9. Kann ich eine umgekehrte Bördelverbindung oder Bördelmutter wiederverwenden, nachdem ich sie abgetrennt habe?

Invertierte Bördelverschraubungskörper können nach dem Trennen im Allgemeinen wiederverwendet werden, wenn sie keine Schäden an der Sitzoberfläche, keine Korrosion oder Lochfraß am Sitz und keine Verformung des Gewindes aufweisen. Überprüfen Sie den Fitting-Sitz nach der Reinigung bei guter Beleuchtung: Sichtbare Rillen, Kratzer oder Löcher in der Konusoberfläche weisen darauf hin, dass der Fitting-Körper ausgetauscht werden sollte, da diese Mängel Leckpfade schaffen, die nicht durch weiteres Anziehen der Bördelmutter beseitigt werden können. Bördelmuttern können wiederverwendet werden, wenn das Gewinde unbeschädigt ist und die Abflachungen durch vorherige Verwendung des Schraubenschlüssels nicht abgerundet sind. Bördelmuttern sind jedoch so kostengünstig, dass im Allgemeinen der Austausch bei der Bremsleitungswartung empfohlen wird, um die in der Drehmomenttabelle angegebene volle Klemmkapazität sicherzustellen. Die am Rohr selbst gebildete umgedrehte Bördelung verformt sich beim ersten Anziehen in den Anschlusssitz und kann nach dem Trennen nicht mehr zuverlässig in einen anderen Anschlusskörper eingesetzt werden: Wenn ein Rohr abgetrennt wird, sollte das Rohrende überprüft werden.
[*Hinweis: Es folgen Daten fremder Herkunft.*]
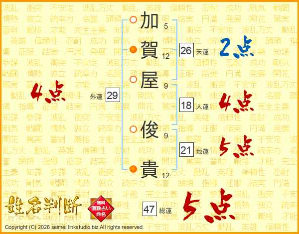 加(5画)賀(12画)屋(9画) 俊(9画)貴(12画)

Wenn Beschädigungen oder Verformungen sichtbar sind, sollte das Rohrende abgeschnitten und vor dem erneuten Anschließen eine neue umgedrehte Bördelung gebildet werden.

10. Welche Werkzeuge benötige ich für Arbeiten an Bremsleitungsanschlüssen mit umgekehrter Bördelung?

Für die Arbeit an Bremsleitungsanschlüssen mit umgekehrter Bördelung ist ein spezieller Werkzeugsatz erforderlich, der sich von allgemeinen Installations- oder Hydraulikarbeiten unterscheidet. Die wesentlichen Werkzeuge sind: ein spezielles Doppelbördel- oder umgekehrtes Bördelwerkzeug für Bremsleitungen (kein standardmäßiges SAE-Einzelbördelwerkzeug) mit Einsätzen in der richtigen Größe für den Rohraußendurchmesser, an dem gearbeitet wird; ein Rohrschneider in der Größe für Bremsleitungsschläuche (normalerweise mit einer Kapazität von 3/16 Zoll bis 1/4 Zoll), der einen sauberen, rechtwinkligen Schnitt erzeugt, ohne den Schlauch zu verziehen; ein Rohrentgrater oder die integrierte Reibahle am Rohrschneider; ein Satz Bremsleitungsschlüssel (Leitungsschlüssel oder Bördelmutternschlüssel) in den Größen, die den Schlüsselflächen des umgekehrten Bördelanschlusses entsprechen (normalerweise 10 mm, 11 mm und 14 mm für metrische Fahrzeuge oder 3/8 Zoll, 7/16 Zoll und 1/2 Zoll für Fahrzeuge mit US-Spezifikation); ein kalibrierter Drehmomentschlüssel für den Bereich von 10 bis 20 ft-lb zum endgültigen Anziehen; und optional eine Gewindesteigungslehre zur Identifizierung unbekannter passender Gewindegrößen. Für umgekehrte Bördelungen zu einem Fitting-Adapter werden auch AN-Fitting-Schlüssel in den entsprechenden Armaturenbrettgrößen für das AN-Ende der Verbindung benötigt.